--- Directions for this task ---
Transcribe nothing except the lines below that run from the one with "FMCS系統,擁有冗余服務器" to the one with "문 없음 + 버킷 2개", ends included, and do not copy any picture.

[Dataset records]

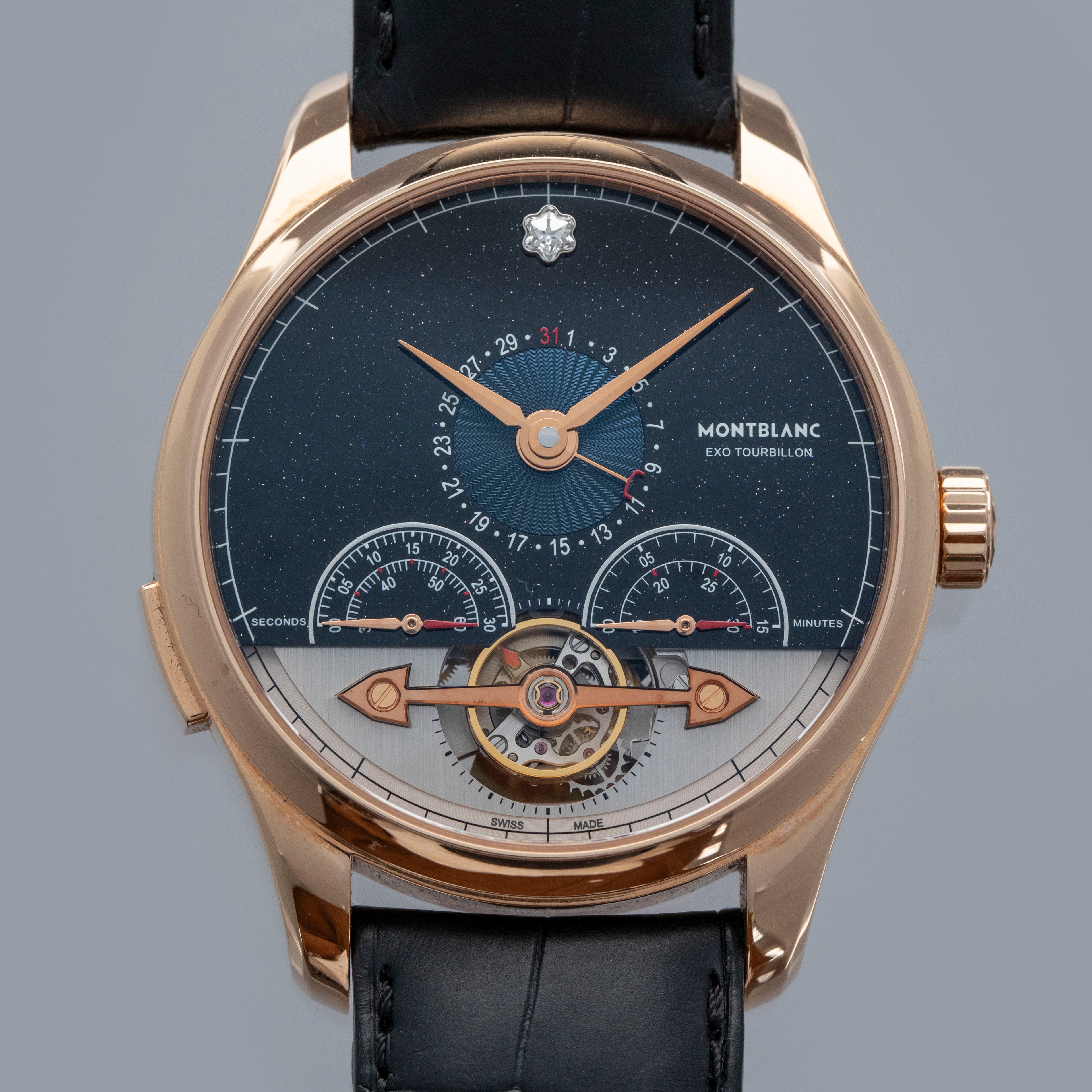 While best known for their impressive reputation in the arena of making luxurious accessories such as various leather goods, keychains, and most importantly writing instruments such as pens, Montblanc have also competed in the world of watchmaking. However, since their acquisition of Minerva in 2006, their experience in watchmaking isn’t limited to what they learned themselves. Indeed, by acquiring Minerva they took control of one of watchmaking’s most historic movement manufacturers. Founded in 1858, Minerva are one of the few manufactures who made chronograph movements, amongst other types of movements. Indeed, offered here we have the Montblanc Heritage Chronométrie ExoTourbillon Minute Chronograph. Limited to only 88 pieces, this 18kt rose gold variant boasts a stunning two-part dial with a large piece of black aventurine with a diamond-set 12 o’clock hour marker, and a smaller sunken portion at 6 o’clock that houses its tourbillon. A 44mm diameter watch that stands 14.79mm tall, the ExoTourbillon is certainly not a small watch, but considering everything it has going on under the hood it is rather dense. Powered by the automatic cal. MB R230, the ExoTourbillon boasts an impressive list of complications, such as a day and night indication, minutes, jumping hours, a pointer dat subdial, monopoussoir chronograph with retrograde subdials, and a tourbillon escapement as proudly displayed at 6 o’clock.
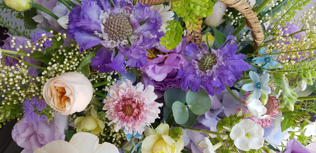 조금 더 진한 보랏빛 꽃은 스카비오사라는 꽃과 보랏빛의 강약의 조절이 돼서 꽃바구니 밸런스가 자연스러운
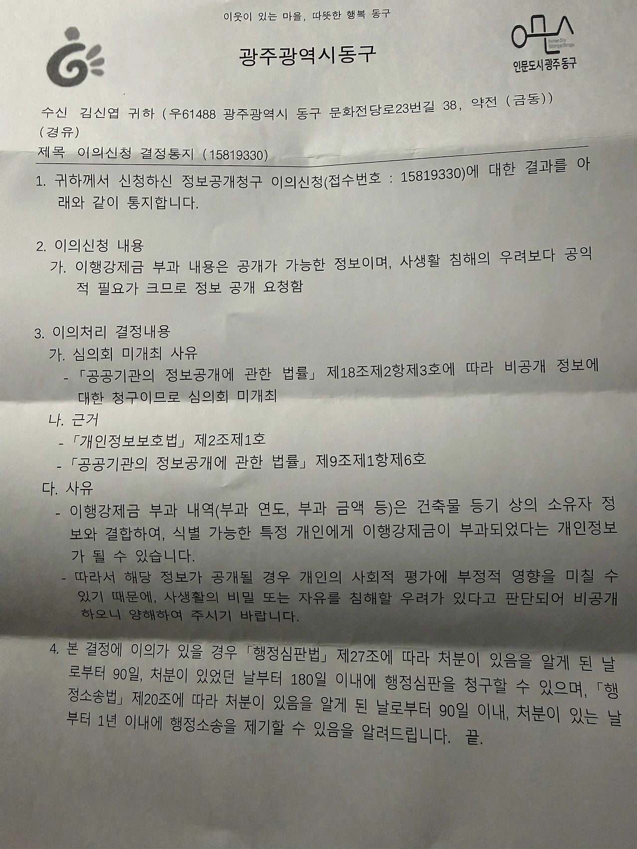 이의신청을 통해 정보공개를 요구했으나,
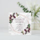 Moderno, moderno e absolutamente deslumbrante, este design de convite de casamento quadrado apresenta uma geometria falsa de cobre sobre uma textura falsa de mármore branco, e é embelezado com lindos buquês roxos de ameixa marsala e flores brancas com um verde profundo e rico. Os nomes dos casais e alguns detalhes do casamento estão naquela próspera e rica ameixa roxa burgundy, que é da mesma cor que está na parte de trás do cartão. Perfeito para um Casamento outono moderno. Convidados Elegantes de Direitos Autorais. Todos os direitos reservados.
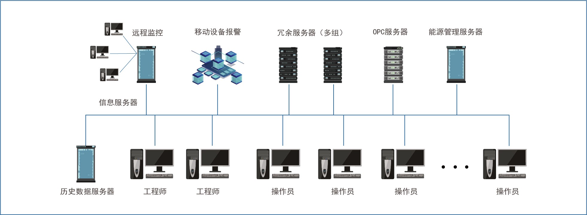 FMCS系統,擁有冗余服務器,以確保收集的數據實時無丟失。歷史記錄和報警信息都有專用的服務器來保存數據,以完善的架構來保證每個環節的數據能可靠的處理,從而保證系統能穩定可靠的運行。
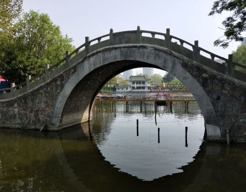 继续向里就能看到一个拱桥,这也是楚秀园最具标志性的景观,沿着雷湖(也就是公园内最大的水体)一路向桥边过去,会经过一个游乐场,这里有吊索飞轮的游乐设施,收费15元一人,没有什么心脏问题的人,可以乘坐,每次5分钟,坐在外侧的话会被甩得稍微高一些,也稍微惊险一些。
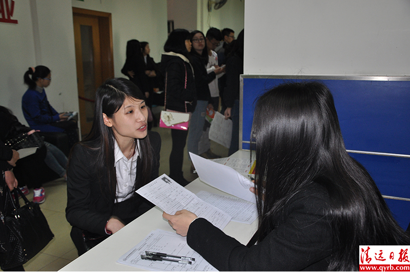 求職人員大多是應(yīng)屆畢業(yè)生以及即將畢業(yè)在讀生,如清遠(yuǎn)職業(yè)技術(shù)學(xué)院等職校則專門組織學(xué)生來求職。在讀大二的清職院學(xué)生小陳希望找到實習(xí)工作,她應(yīng)聘的是某公司董事長助理,經(jīng)過一輪面試后,招聘人員告訴她目前暫不適合溝通傳達(dá)類工作,建議應(yīng)聘行政文員類,最終她聽取了建議。
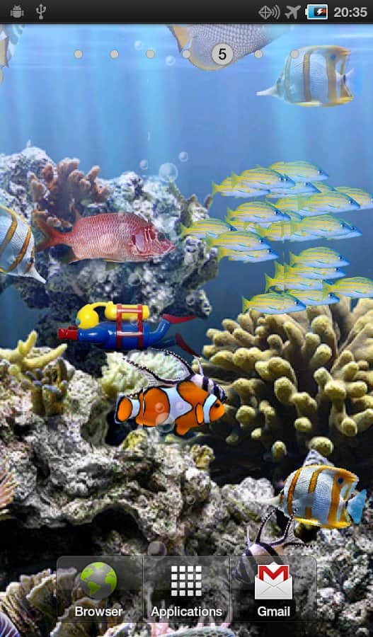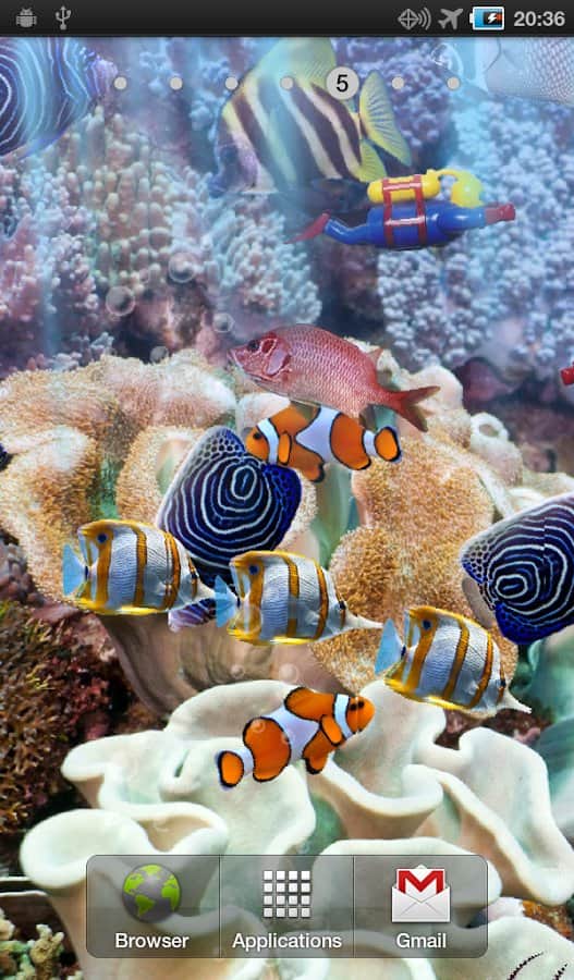 The real aquarium LWP is a realistic live Wallpaper for Android with beautiful tropical fish. You can add fish, and have such a celebrity like fish clown from the movie "finding Nemo") Different backgrounds coral, light effects, bubbles, will make your smartphone more alive.
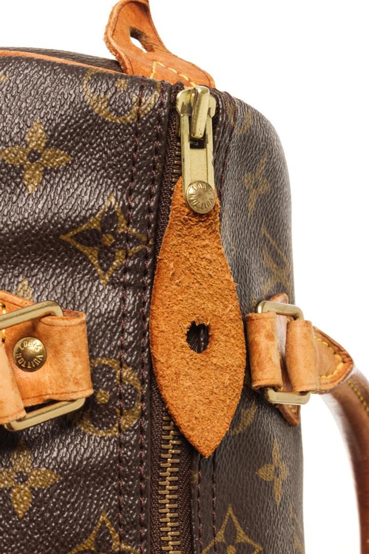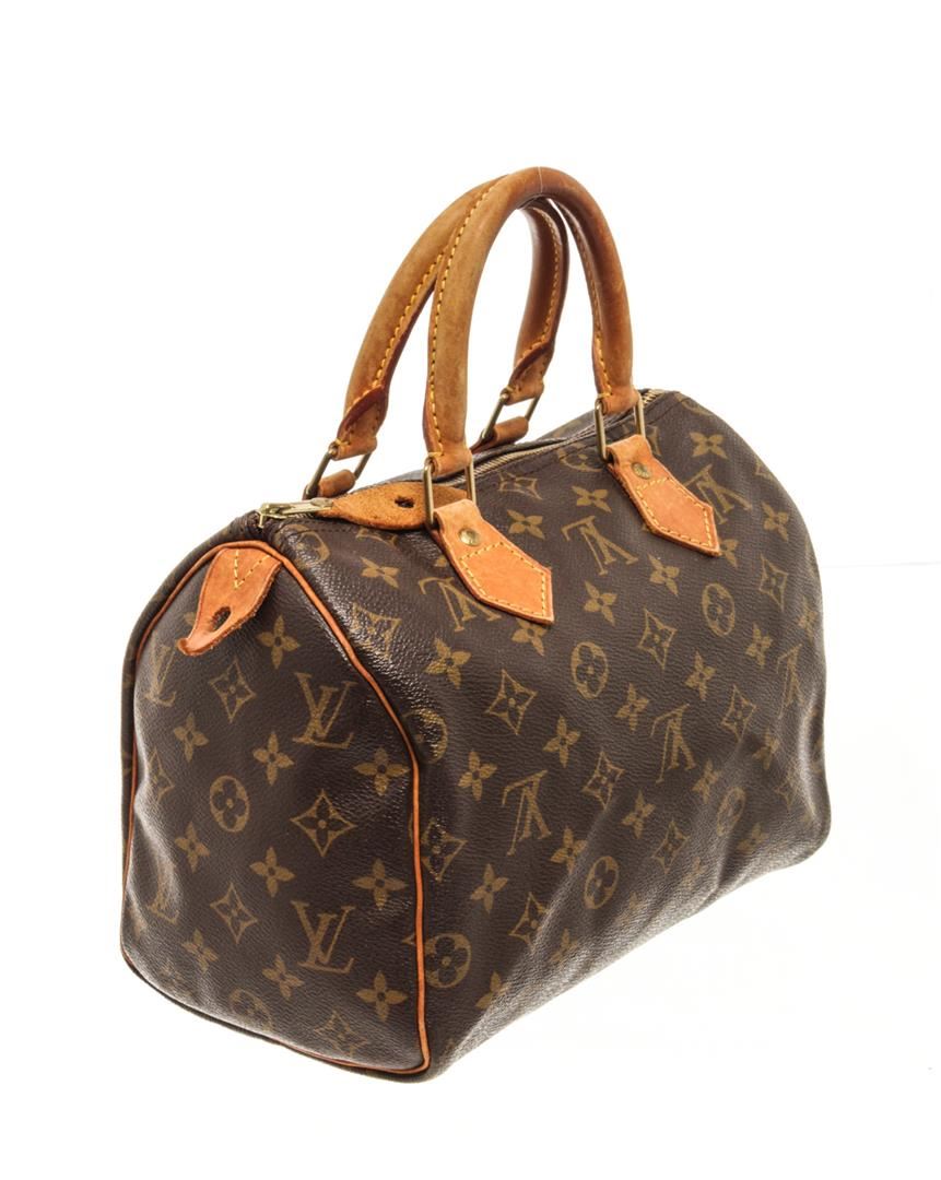 One Louis Vuitton Brown Monogram Speedy 25 Satchel Bag. Item is sold AS-IS. All available information is listed in the description and shown in the photo. Louis Vuitton Brown Monogram Speedy 25 Satchel Bag with gold tone hardware, brown, monogram canvas, vachetta handles and trim, a top zip closure, and an interior pocket. 7.5" L x 9.8" W x 5.9" D, 3.5" drop / 19.05 L x 24.89 W x 14.98 D CM, 8.89 CM drop
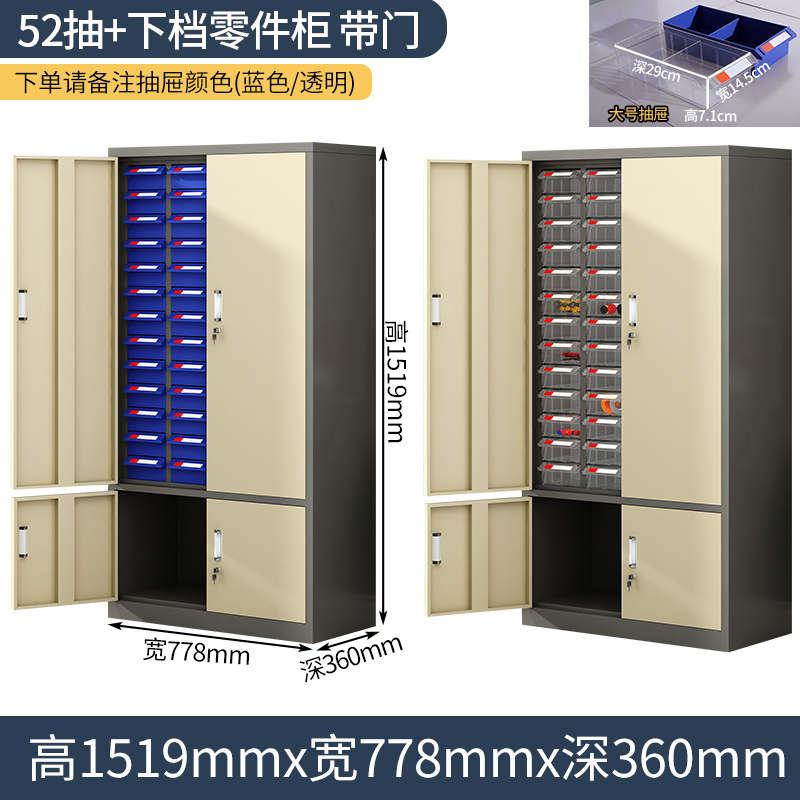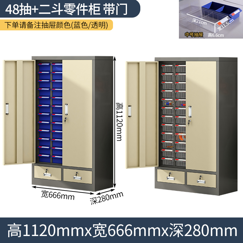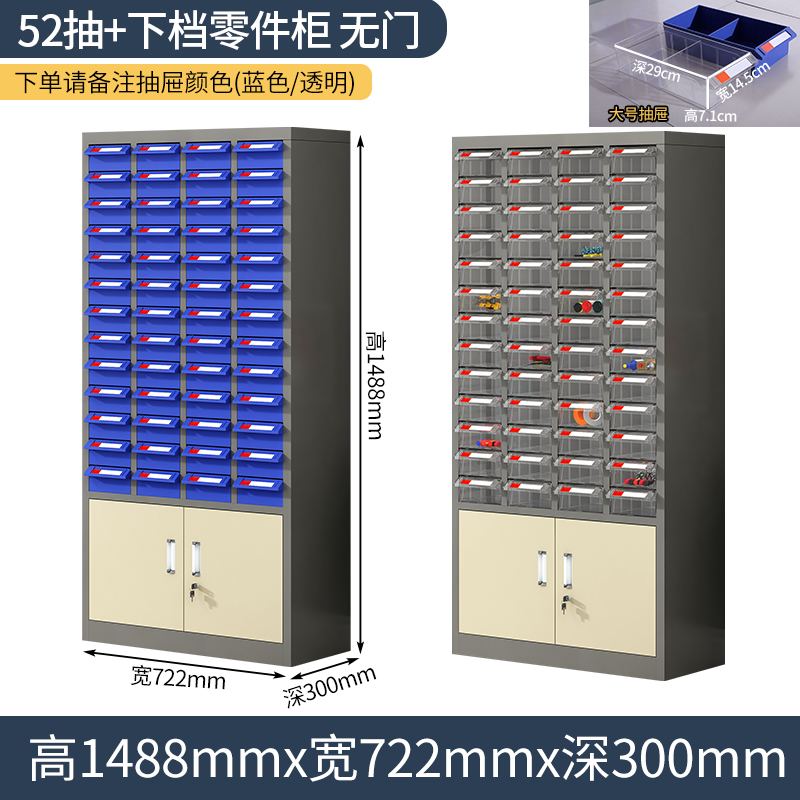 • 서랍 48개(파란색/투명) 문 없음 + 버킷 2개
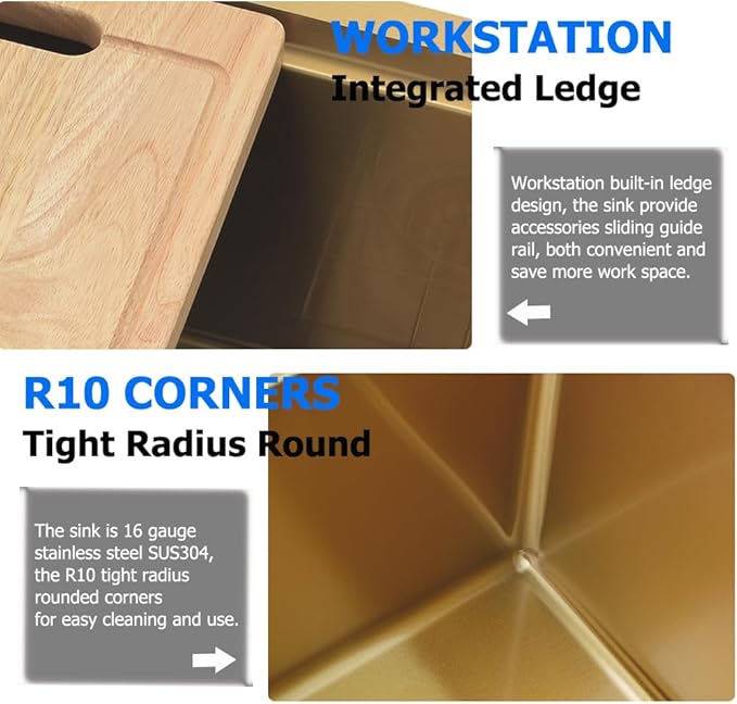 - Superior Features: This stainless steel kitchen sink has extra thick rubber dampening pads to minimize noise and heavy duty stone guard undercoating to prevent condensation and protect kitchen cabinets. The R10 Tight Radius round corners for easy cleaning
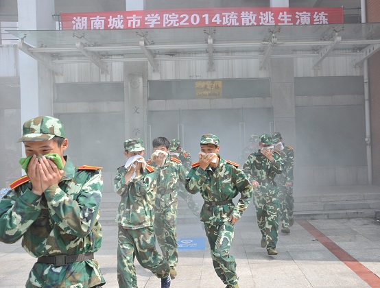 为了使我校学生掌握应急避震、火灾逃生的正确方法,熟悉紧急疏散的程序和线路,确保在火灾到来时,应急工作能快速、高效、有序地进行,最大限度地保障师生的生命安全,学校联合国防科技大学施训教官、益阳消防、湖南省银城消防职业培训学校联合举行了消防疏散逃生和灭火演练。4000余名2014级新生参加本次演练与讲座。
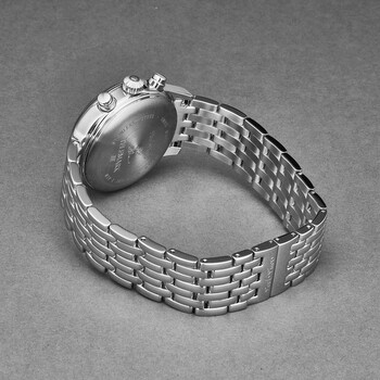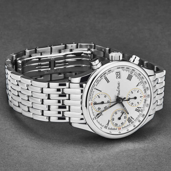 Silver-tone stainless steel case and bracelet. Fixed silver-tone stainless steel bezel. White dial with black hands and Roman numeral hour markers. Minute markers around the outer rim. Dial Type: Analog. Date display at the 3 o'clock position. Chronograph - three sub-dials displaying: 60 second, 30 minute and 12 hour. ETA-Valjoux Caliber 7750 Automatic movement, containing 25 Jewels, bitting at 28800 vph, and has a power reserve of approximately 44 hours. Scratch resistant sapphire crystal. Pull / push crown. Solid case back. Round case shape, case size: 36 mm, case thickness: 14 mm. Band width: 18 mm, band length: 8 inches. Fold over clasp with a safety release. Water resistant at 30 meters / 100 feet. Functions: chronograph, date, day, hour, minute, second. Additional Info: hours, minutes, small seconds, date, chronograph, tachymeter track. Telemark Series. Luxury watch style. Watch label: Swiss Made. Paul Picot Telemark Chronograph Automatic White Dial Men's Watch P4102.20.113/B.
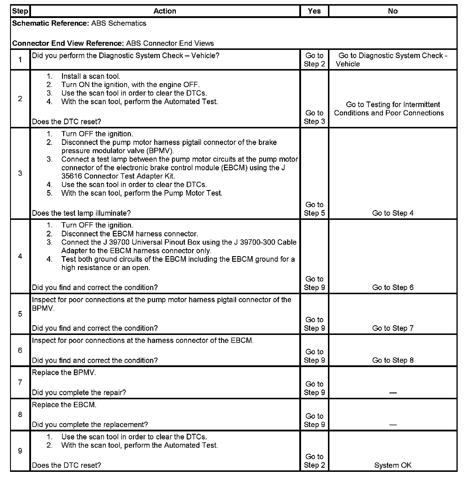 3. This step tests the ability of the EBCM to control the pump motor. If the test lamp illuminates, the pump motor circuit within the EBCM is good.
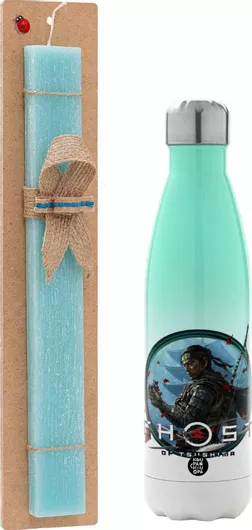 Πασχαλινή Λαμπάδα Ghost of Tsushima Πλακέ Σετ με Μεταλλικό Παγούρι Θερμός 500ml Τιρκουάζ
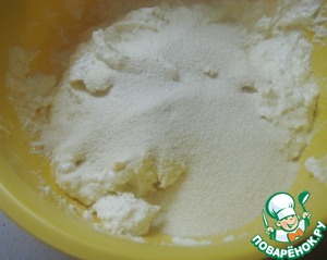 В творожную массу добавляем манную крупу.
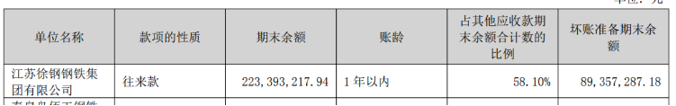 按期末余额前五名的情况来看,来自徐钢集团的应收款余额为2.23亿元,占其他应收款期末余额合计数的58.1%,计提的坏账准备期末余额为8935.73万元。

--- Problem solution ---
 FMCS系統,擁有冗余服務器,以確保收集的數據實時無丟失。歷史記錄和報警信息都有專用的服務器來保存數據,以完善的架構來保證每個環節的數據能可靠的處理,從而保證系統能穩定可靠的運行。
 继续向里就能看到一个拱桥,这也是楚秀园最具标志性的景观,沿着雷湖(也就是公园内最大的水体)一路向桥边过去,会经过一个游乐场,这里有吊索飞轮的游乐设施,收费15元一人,没有什么心脏问题的人,可以乘坐,每次5分钟,坐在外侧的话会被甩得稍微高一些,也稍微惊险一些。
 求職人員大多是應(yīng)屆畢業(yè)生以及即將畢業(yè)在讀生,如清遠(yuǎn)職業(yè)技術(shù)學(xué)院等職校則專門組織學(xué)生來求職。在讀大二的清職院學(xué)生小陳希望找到實習(xí)工作,她應(yīng)聘的是某公司董事長助理,經(jīng)過一輪面試后,招聘人員告訴她目前暫不適合溝通傳達(dá)類工作,建議應(yīng)聘行政文員類,最終她聽取了建議。
 The real aquarium LWP is a realistic live Wallpaper for Android with beautiful tropical fish. You can add fish, and have such a celebrity like fish clown from the movie "finding Nemo") Different backgrounds coral, light effects, bubbles, will make your smartphone more alive.
 One Louis Vuitton Brown Monogram Speedy 25 Satchel Bag. Item is sold AS-IS. All available information is listed in the description and shown in the photo. Louis Vuitton Brown Monogram Speedy 25 Satchel Bag with gold tone hardware, brown, monogram canvas, vachetta handles and trim, a top zip closure, and an interior pocket. 7.5" L x 9.8" W x 5.9" D, 3.5" drop / 19.05 L x 24.89 W x 14.98 D CM, 8.89 CM drop
 • 서랍 48개(파란색/투명) 문 없음 + 버킷 2개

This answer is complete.